-5-

175 35 5
                                    

Çünkü şu an kucağında tam olarak simsiyah bir kedi vardı. Bir anlık refleksle kediyi kucağından atıp odaya doğru koştu.

O anda Pelin'le Ceren eve yeni geldikleri için kıyafetlerini çıkarıp eşortman giyiyorlardı ki Pelin Melis'in gözlerinie bakarak bir şeyler olduğunu hemen anladı.

Bozuntuya vermeden Melis'in yanına gidip sessizce neler olduğunu sorudu. Melis ise korkudan konuşamicak hale gelmişti. Eliyle hareket yaparak odanın kapısını gösterdi.

Pelin hemen odandan çıkıp kapıya doğru baktı. Ama orada hiçbir şey yoktu. Tekrar odaya giren Pelin Melis'e ''neler oldu ALLAH aşkına hiçbir şey yok'' diyebildi.

Melis ise ilk söylediği kelime su oldu. Çünkü korkudan dili damağı kurumuştu. Hemen mutfağa giden pelin dışarıdan kedi sesi duydu. Biraz şaşırmıştı çünkü bu kedi sesi yakından geliyordu.

Ama apartmanda kedisi olan kimse yoktu. Havada yağmurlu olduğu için hemen camdan bahçeye bakıp ''ne kadar tatlı bir kedi'' diye söylendi. Daha sonra suyu Melis'e götürüp hemen bahçeye indi. 3. katta oturdukları için hızlıca inebildi. kedinin simsiyah olması biraz ürkütsede hava soğuk olduğu için eve almaya karar verdi.

Melis ise o sırada suyunu içip kendine gelebilmesi için ''o kedi hayaldi o kedi hayaldi'' diye sayıkladı. Kapı sesini duyunca pelin bakkala gitmiştir diye düşündü.

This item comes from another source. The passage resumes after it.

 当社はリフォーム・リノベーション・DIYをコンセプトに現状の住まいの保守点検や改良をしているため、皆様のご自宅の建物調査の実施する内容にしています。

Daha sonra Pelin'in geldiğini anlayınca her şeyi Pelin'e anlatmak için kapıya doğru gitti. Ama kucağında o kediyi görünce korkudan çığlık atarak ağlamaya başladı. Ne olduğunu anlamayan Pelin kediyi yere bırakıp hemen Melisi'in yanına koştu.

Melis çığlık atarak ''götür onu götür onu'' diye bağırıyordu. Kedinin yanına gidip bahçeye geri götürecekti ki birden kedi yok olmuştu. Kedinin bu küçük evde nereye gidebileceğini tahmin edemiyordu ama bir umut yan odaya, mutfağa, salona hatta banyoya bile bakmıştı. Ama kedi hiç bir yerde yoktu.

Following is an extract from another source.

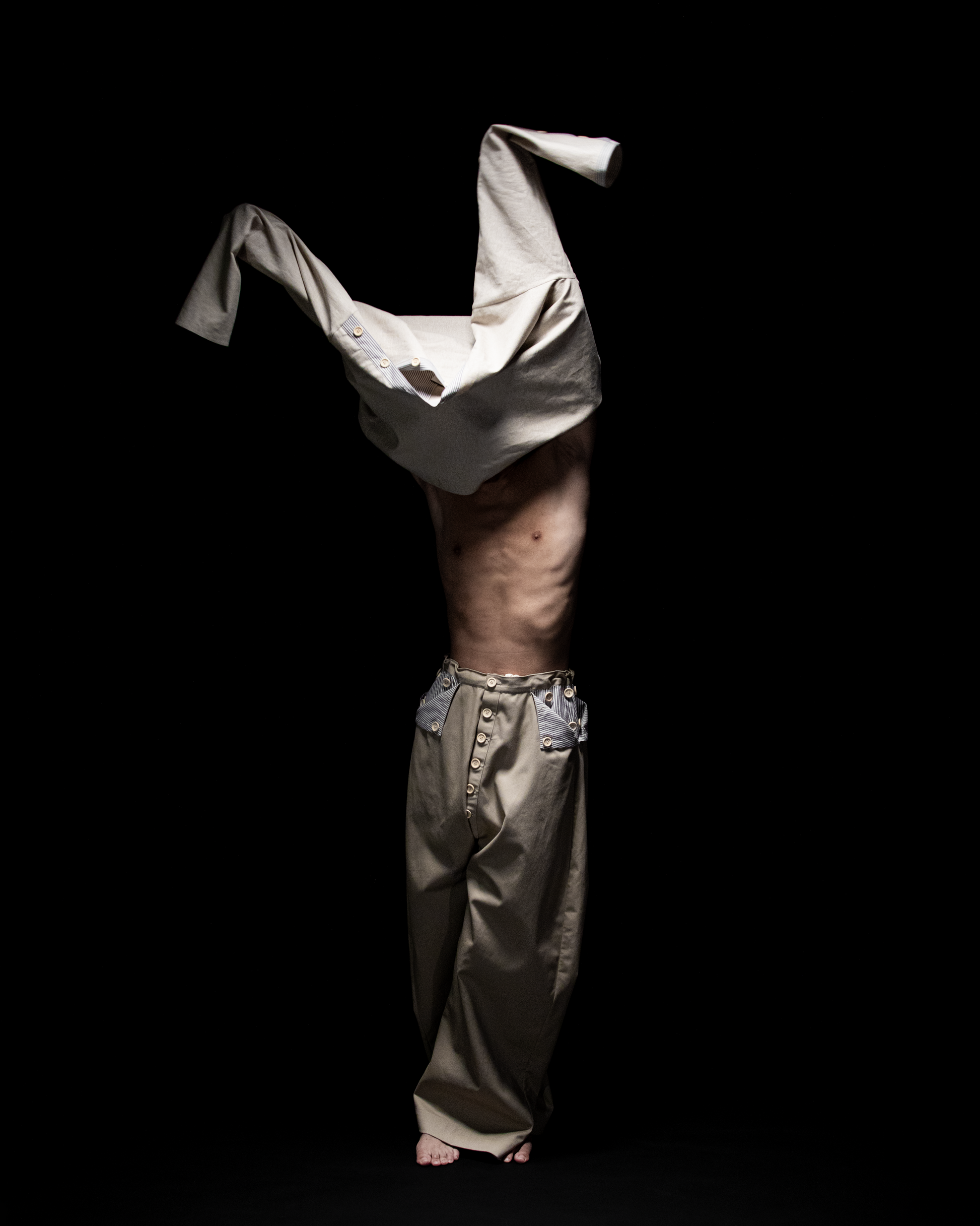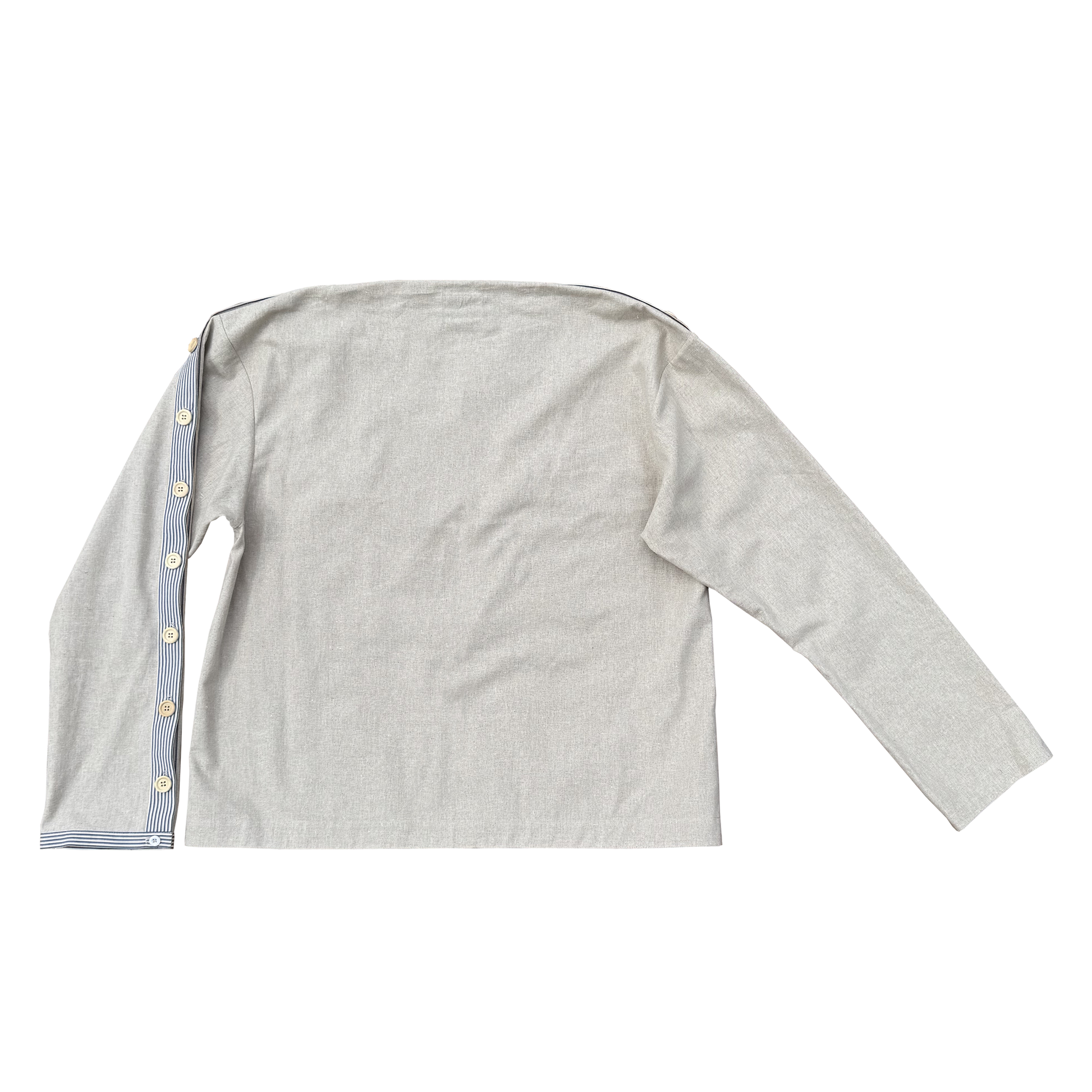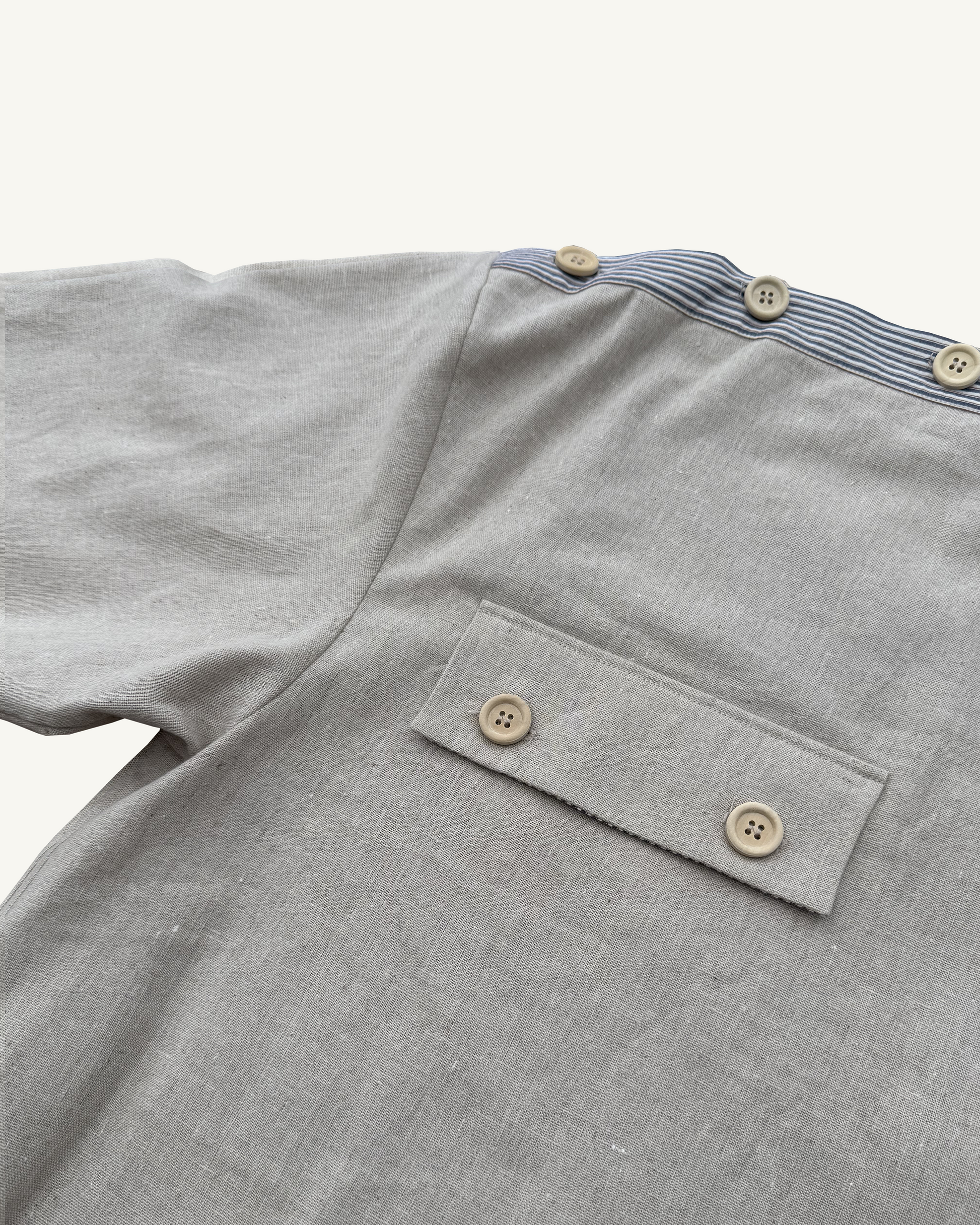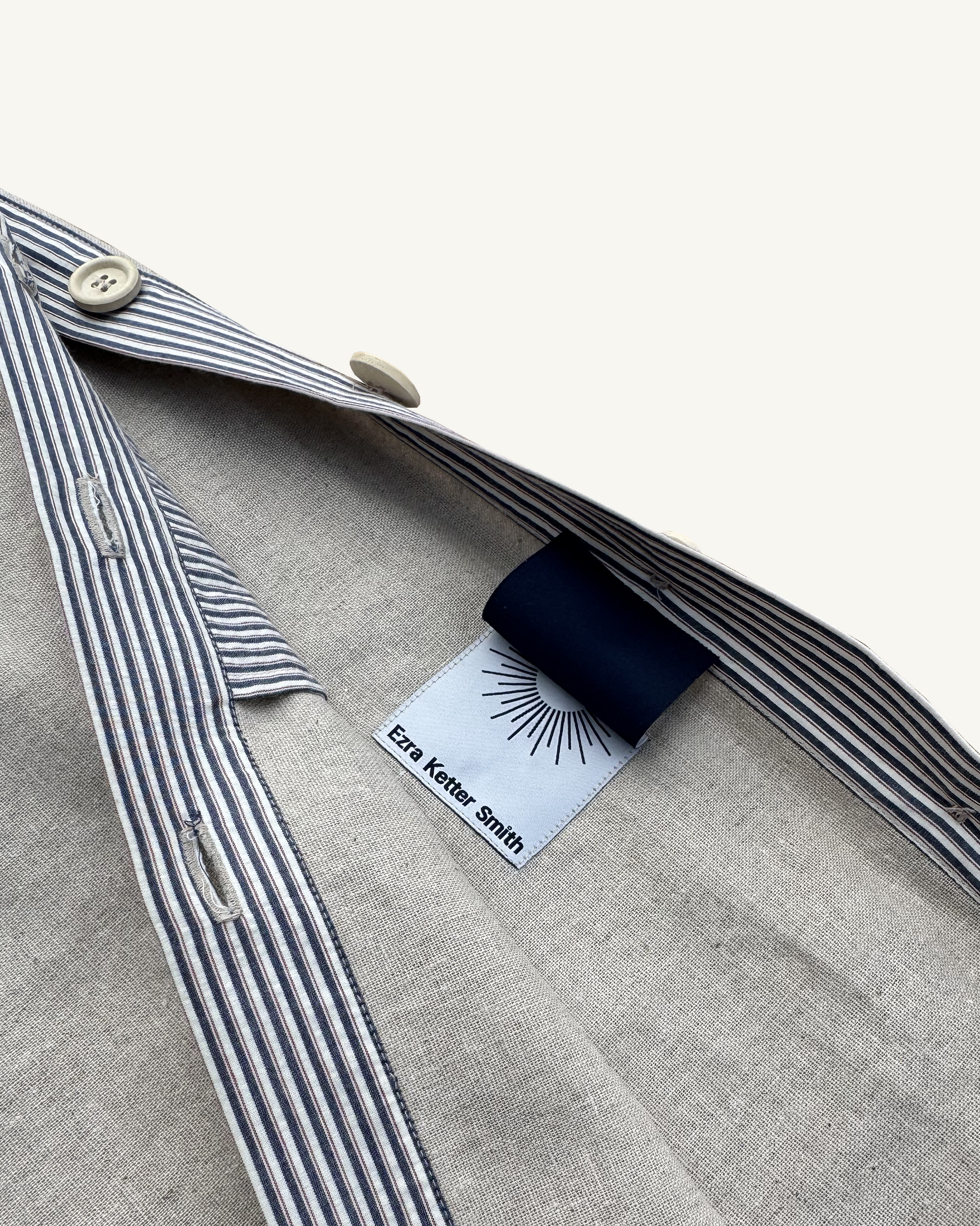 This resulted in a slouchier fit pullover with wider shoulders that almost looks “poncho-esque” when worn on body. This is primarily achieved through pattern adjustments to the sleeve intersection. As pictured, this piece was made with a “J” cut sleeve that mirrors the Dual Mule Trousers and provides ample room from the elbow up to the shoulder. The central design detail of this piece is an extended button placket that spans from one shoulder seam, across the neckline, down to the wrist of the opposing arm. This results in a unique look and an increased level of modularity at the arm and neck. The buttons can be snapped tight to create a more standard fit or undone to create a relaxed slash neck look. This piece also features a chest pocket with wood buttons that complement the collar. Fabric was meticulously chosen to most accurately reflect the natural look and feel of the rolling hills of the Badlands and the deep canyons of the West. A natural linen was utilized as the base, resembling the powdered ground that felt so many miles under my feet. and a cotton pinstripe seersucker was used as a contrast to resemble the many layers of sediment that left me in awe along my trip.

En sonunda pes edip Melis'in yanına döndü. Fakat Melis hiç konuşmuyordu. Yavaşça Melis'i alıp odaya götürüp yatırdı. Ceren onları izliyor neler olduğunu anlamaya çalışıyordu. Pelin Melis'i yatırdıktan sonra Ceren'e bir açıklama yapmak zorundaydı.

Hemen Ceren'e kısaca Melis'in kediden korktuğunu söyledi. Ama Ceren iyide Melis kedileri çok sever hatta bu yaz kendine kedi alacaktı dedi. Pelin durumu toparlamaya çalıştıkça batıyordu. Hemen bahane bulup saatine bakarak ''aa ben Mustafa'yla buluşacaktım tüh bak zamanda gelmiş hadi ben kaçtım'' diyip evden hızlıca çıktı.

Aslında sevgilisi Mustafa'yla buluşmaya daha çok vardı. Ama işin içinden çıkamayınca erken buluşmak iyi fikirdi. Hemen yolda Mustafa'yı arayarak ''canım erken buluşabilir miyiz'' dedi. Mustafa da ''olur canım nerdesin söyle gelip alayim'' dedi. Pelin adresi mesajla atarak beklemeye başladı. Mustafa da gelince birlikte bir kafaye gitmeye karar verdiler.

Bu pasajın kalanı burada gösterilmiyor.